Suggestions reflect the user's language, region, and time of day.

Filtering

Spam, profanity, and low-quality queries excluded.

Typo Tolerance

Common misspellings still produce sensible suggestions.

Non-Functional Requirements

Latency: end-to-end under 100ms p99. The suggestion list must update almost as fast as the user can type.
Throughput: billions of keystrokes per day. Each one is a query.
Availability: 99.99%. Autocomplete is the most user-visible feature in any search product.
Freshness: trending topics appear within minutes.
Cost: the system runs constantly. Cost per query has to be tiny.

Step 2: Capacity Estimation

Metric

Calculation

Result

Daily search users

given

~1 billion

Searches per user/day

given (avg)

Total search queries/day

1B × 5

~5 billion

Keystrokes per query

average

~10

Total autocomplete reqs/day

5B × 10

~50 billion

Average QPS

50B / 86400

~580,000/sec

Peak QPS

avg × 5

~3 million/sec

Three million autocomplete requests per second at peak. Each must complete in under 100ms. This is a read-heavy, latency-critical workload. Architecture must aggressively pre-compute everything possible and serve from cache.

Step 3: The Right Data Structure — Tries

The fundamental data structure for prefix matching is the trie (pronounced "try"), short for "retrieval tree."

A trie is a tree where each node represents one character. Walking down from the root spells out a string. Each node can store metadata: search count, last seen, language tags, etc.

To find suggestions for prefix "ny":

1. Start at the root.
2. Walk to the 'n' child.
3. Walk to the 'y' child.
4. The subtree rooted there contains every word that starts with "ny."
5. Sort that subtree by some score (popularity, recency).
6. Return the top 10.

Lookup is O(prefix_length). Critically, this is independent of total dataset size. A trie with billions of strings has the same lookup cost as one with thousands.

Memory Cost of a Trie

Tries are memory-hungry. A trie storing 10 million unique queries averaging 20 characters each, with 26-character pointers per node, can easily reach gigabytes. Optimizations help:

Compressed tries (Patricia tries): merge chains of nodes with single children into a single node holding a substring.
Ternary search trees: a balanced compromise between hash maps and tries.
Encoded character indices: instead of 26 pointers per node, use a hash map for sparse alphabets.

Step 4: Storage Strategy

Even with optimization, the global trie is too big for one machine. Two approaches dominate.

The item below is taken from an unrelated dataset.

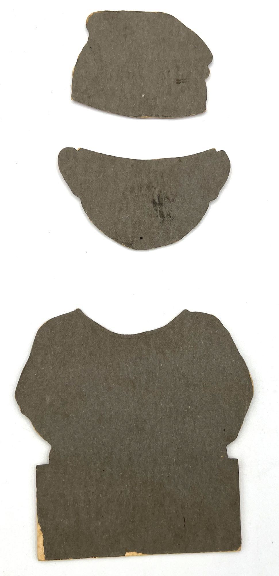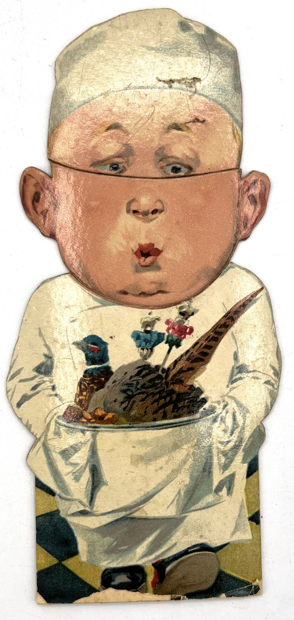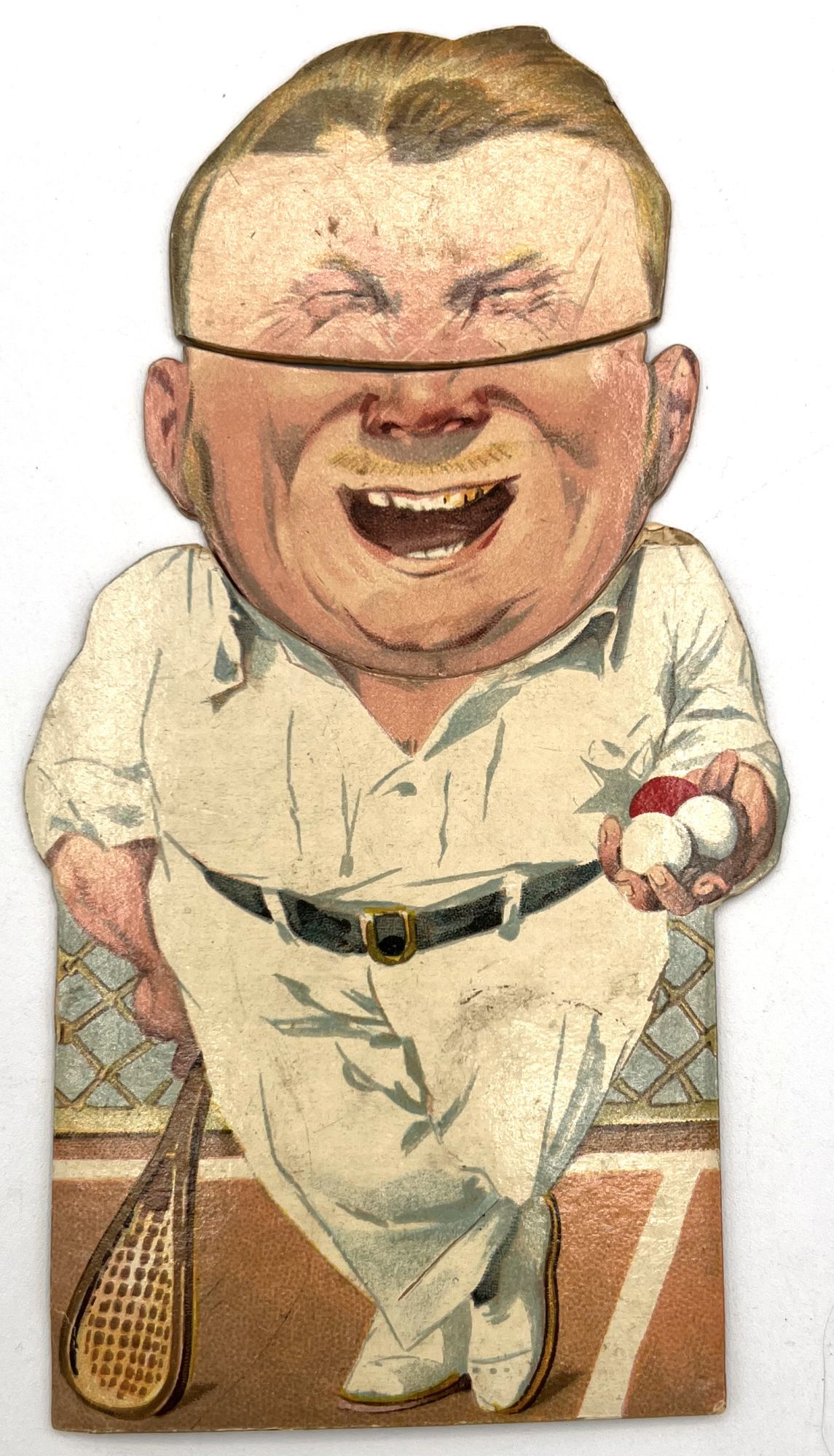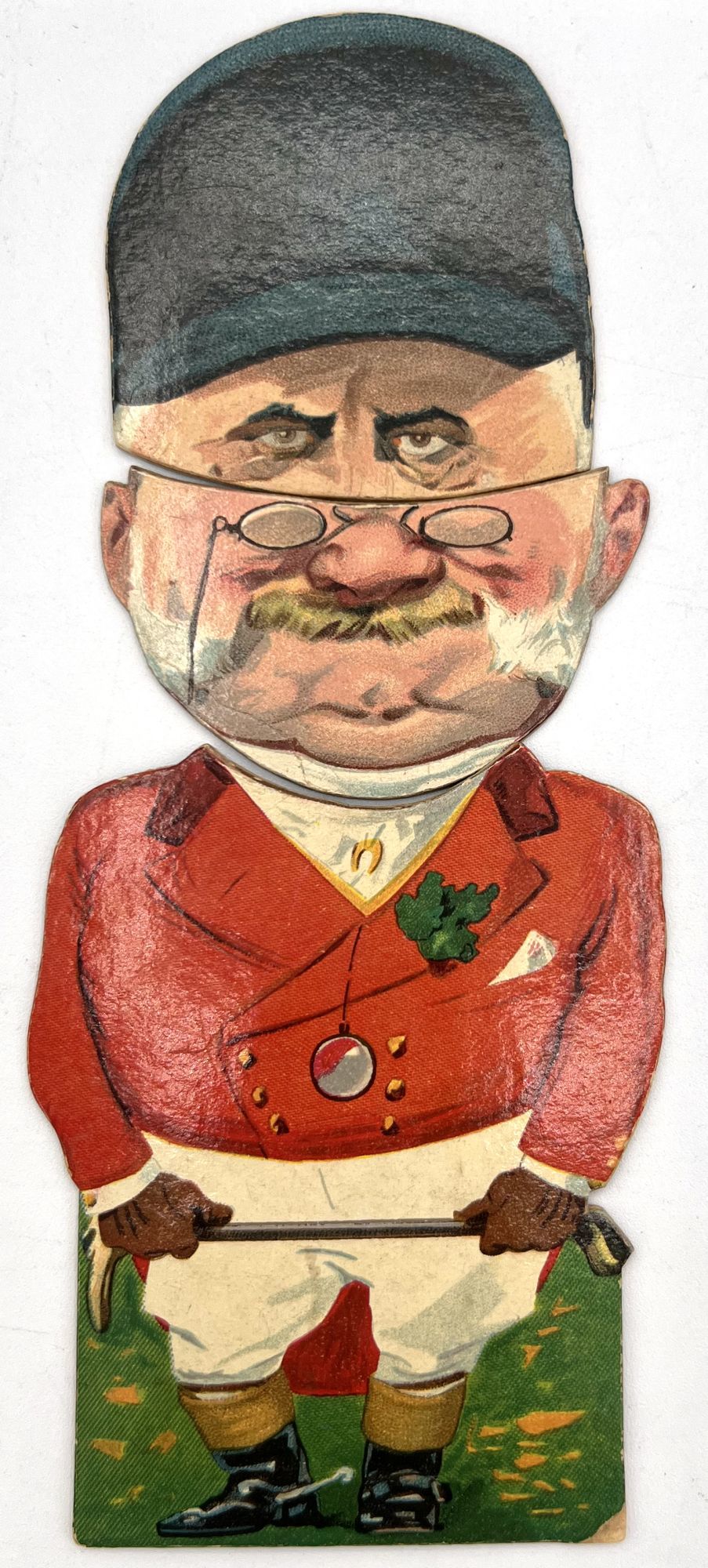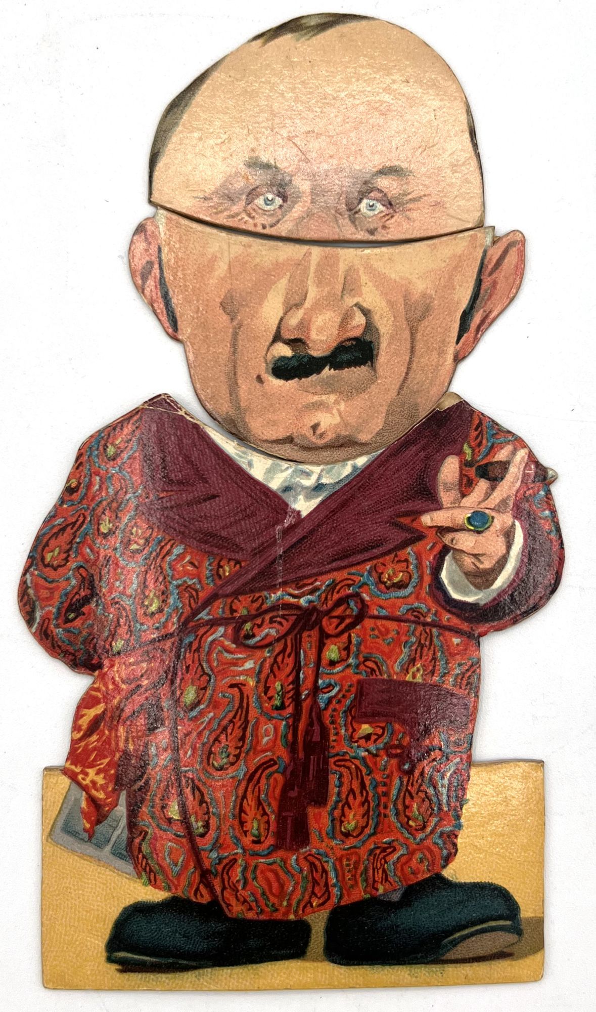 United States, 1930. Very good. Rubbed, modern tape repairs, some nicks/minor wear.. A metamorphic game based on six (6) different amusing caricatures. Each caricature is die-cut and printed onto a stiff piece of card, and is divided into three sections: face, chin, and body. The child playing with the toy can mix and match the different features to create entirely new characters, with dozens of possibilities. The characters include: a crusty old sailor; an Ottoman warrior; a laughing tennis player; a man in fox hunt garb and spectacles; a chef with roast pheasant; and a wealthy gentleman in housecoat and slippers smoking a cigar. Each measures approx. 7" by 3.5", and is printed in color.
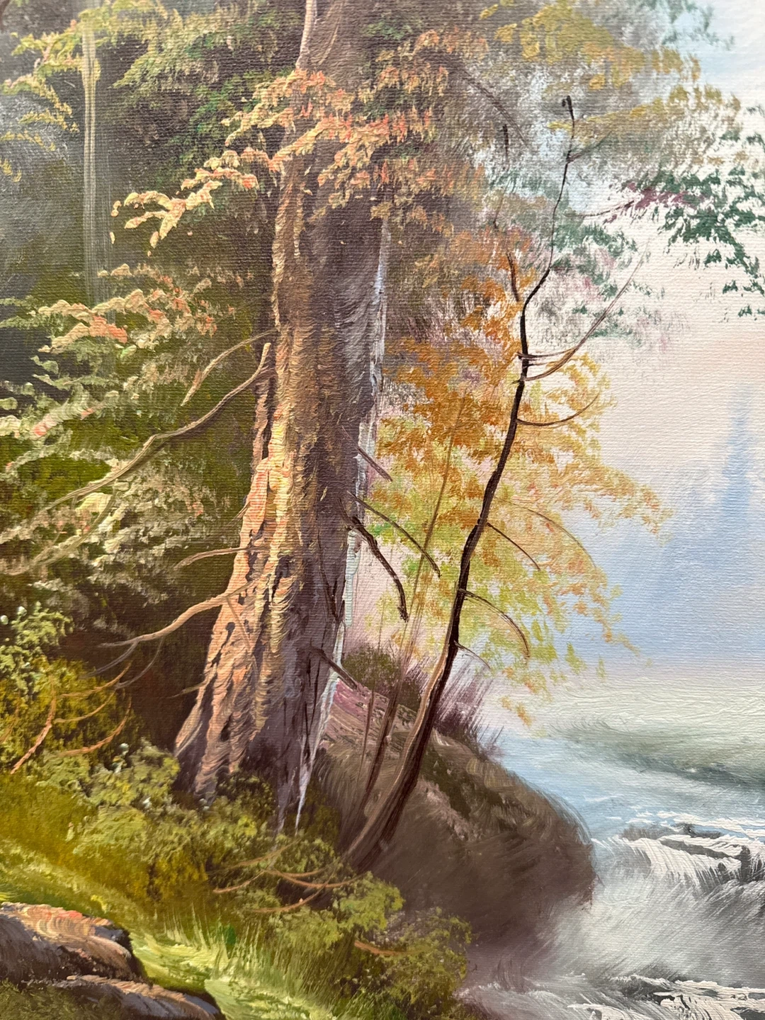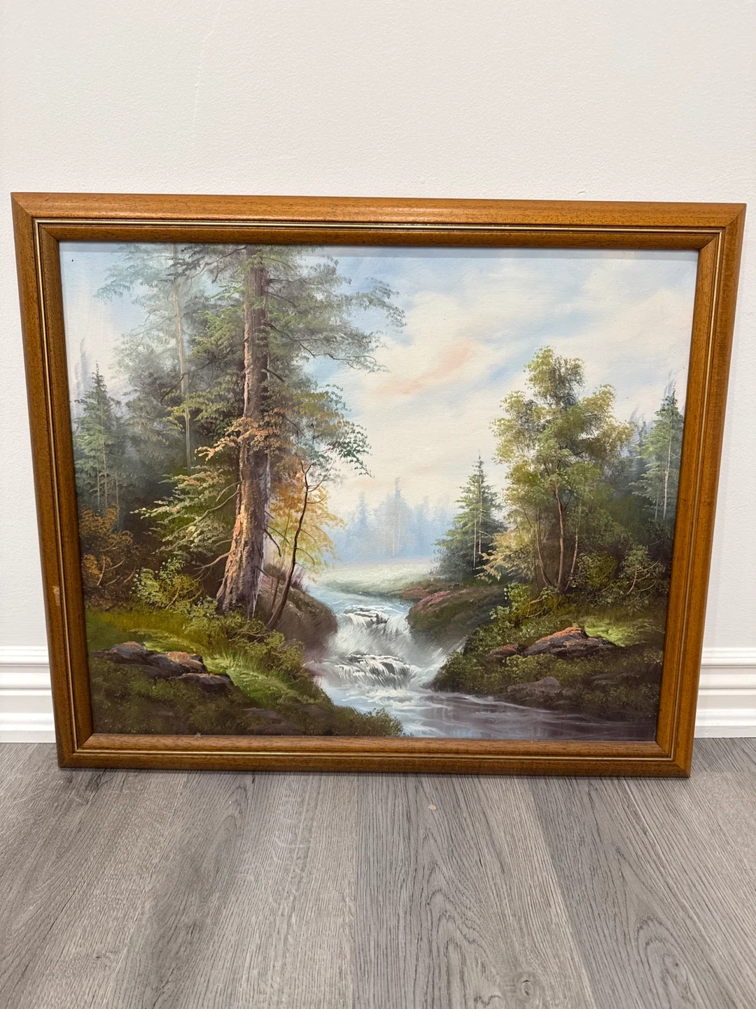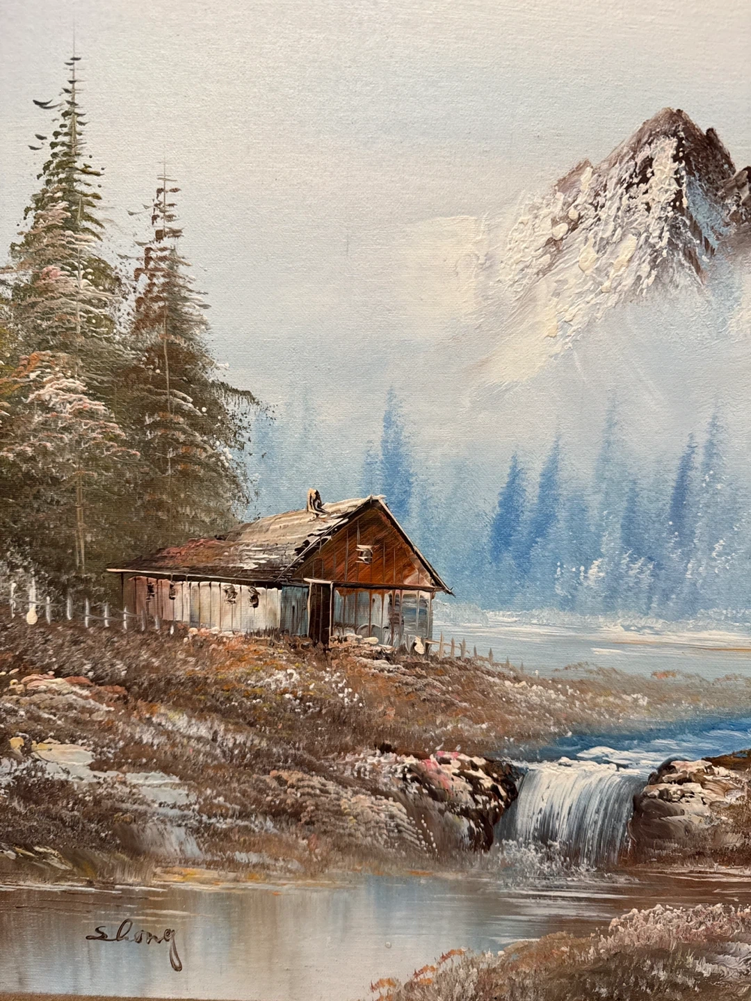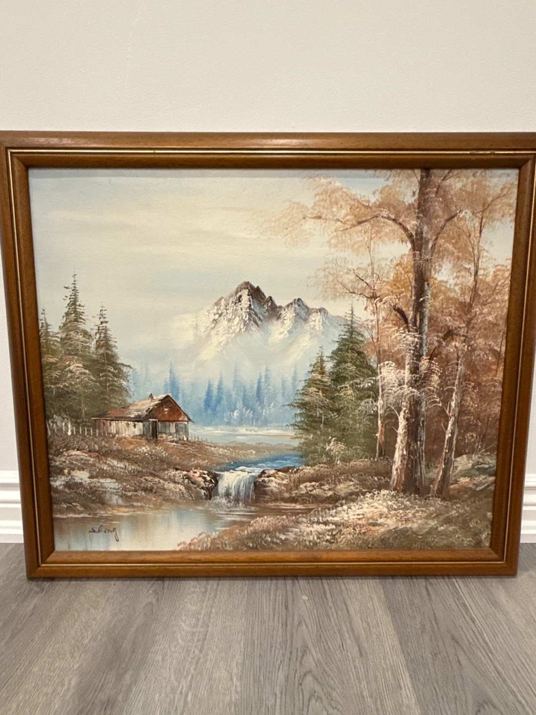 Selling a beautiful framed oil painting of a serene landscape. The artwork depicts a cabin by a waterfall with majestic mountains in the background. The frame is made of wood. It's a lovely piece for any home!

Strategy A: Sharded Trie Service

The trie lives in a distributed service. Different machines own different sub-trees, sharded by the first few characters.

Lookups route based on the prefix. A query starting with "ny" goes to one shard. A query starting with "tech" goes to another.

Pros: handles infrequent and rare prefixes. Memory grows with the dataset.
Cons: complex shard rebalancing. Hot shards (popular first letters) need replicas.

Strategy B: Pre-computed Top-K Cache (Used in Production)

The simpler and faster approach: don't traverse a trie at query time. Pre-compute the top 10 suggestions for every reasonable prefix. Store them in a key-value cache.

The key is the prefix. The value is the ranked list of suggestions.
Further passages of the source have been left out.